Juventus, problema a centrocampo: la situazione

La Juventus, fino al mercato invernale, è in difficoltà per quanto riguarda il centrocampo. Una situazione, per Allegri, complessa da gestire

I bianconeri hanno iniziato questa stagione con l’obiettivo di lottare fino alla fine per il primo posto; la Juventus, visto quanto successo gli ultimi anni, vuole tornare a dominare il massimo campionato italiano e per farlo ha assolutamente bisogno di sfruttare il fatto di non giocare le coppe e poter preparare gli impegni di settimana in settimana. A questo dobbiamo aggiungere come la rosa di Allegri abbia quelle qualità per restare in cima alla classifica il più a lungo possibile.

Allegri
Allegri (Credits: Ansafoto) – Juvedipendenza

La concorrenza è decisamente alta con Inter e Milan, al momento, grandi favorite per il titolo ma senza dimenticare il Napoli campione d’Italia. Il tecnico bianconero, come detto, può contare su una rosa di qualità che può essere rinforzata nel prossimo mercato invernale. La Juventus, infatti, ha un problema numerico in mezzo al campo.

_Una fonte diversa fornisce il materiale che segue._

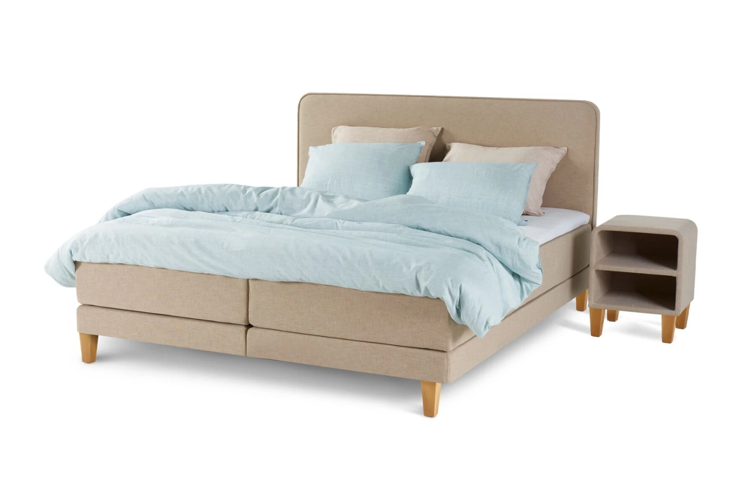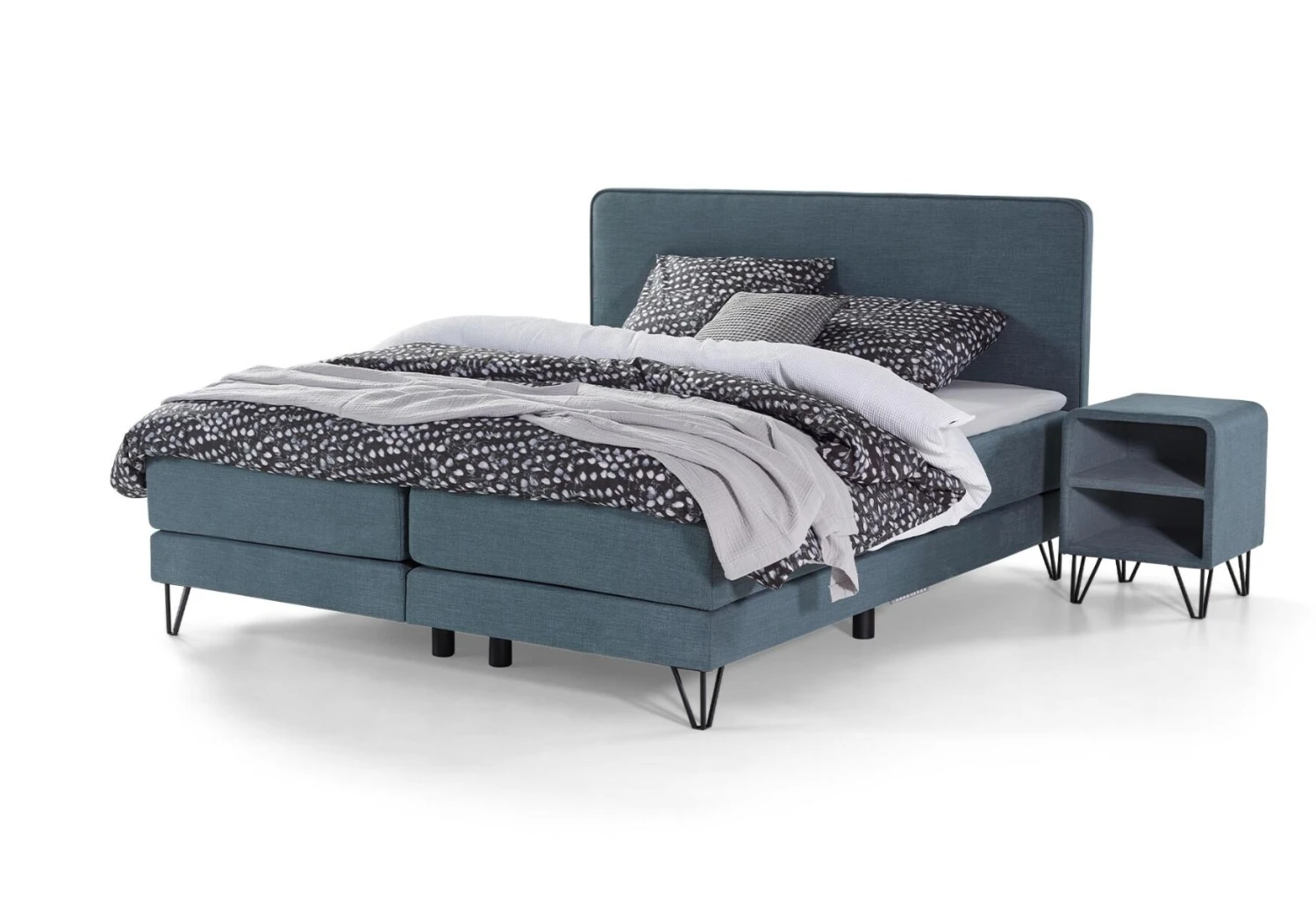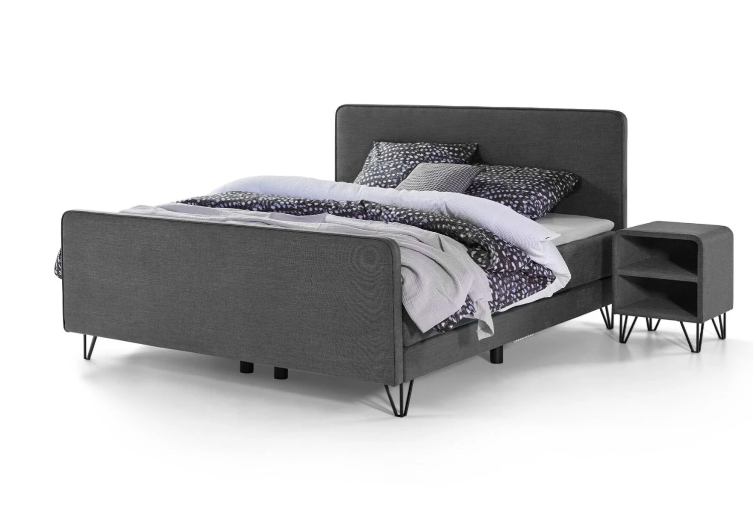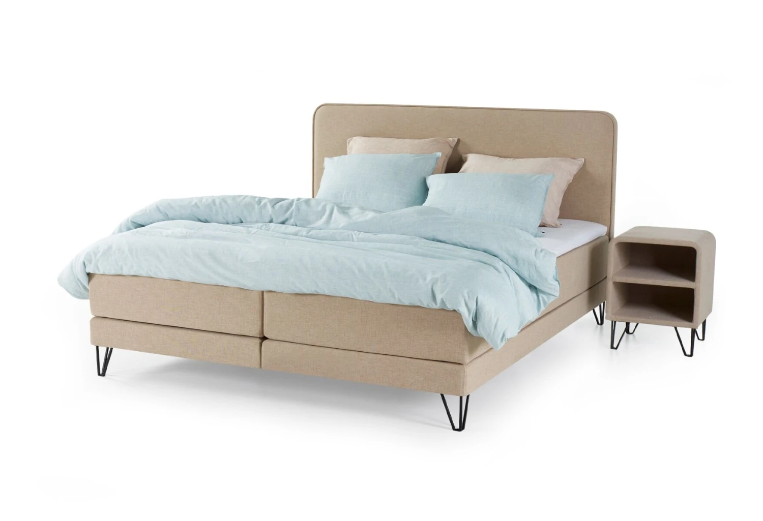 Der Nachttisch Desert passt sehr gut zum Boxspringbett Home 103. Die Polsterung, die abgerundeten Ecken und die Stahlbeine des Nachttischs finden sich auch im Design des Boxspringbettes wieder. Das moderne Aussehen des Nachttisches lässt sich übrigens auch leicht mit anderen modernen Boxspringsystemen kombinieren.

Quanto successo a livello extracalcistico negli ultimi tempi è stato deleterio per i bianconeri che non potranno contare su Pogba e Fagioli. Assenze pesanti considerando la qualità di due giocatori in grado di fornire un contributo fondamentale per la stagione.

Juventus, centrocampo corto: ecco su chi puntare

In mezzo al campo, almeno fino al mercato invernale, Allegri può contare su Locatelli, Rabiot, Miretti e McKennie. Quattro giocatori per tre posti che dovranno, per forza di cose, fare gli straordinari per trascinare i bianconeri il più in alto possibile.

Locatelli
Locatelli (Credits: Ansafoto) – Juvedipendenza

 

La società potrebbe decidere di rinforzare la rosa cercando un giocatore in grado di alzare il livello ma soprattutto fornire ad Allegri un’altra alternativa da utilizzare nel corso della stagione. La Juventus si è trovata incredibilmente corta a centrocampo; imprevisto che i bianconeri non si aspettavano di dover affrontare.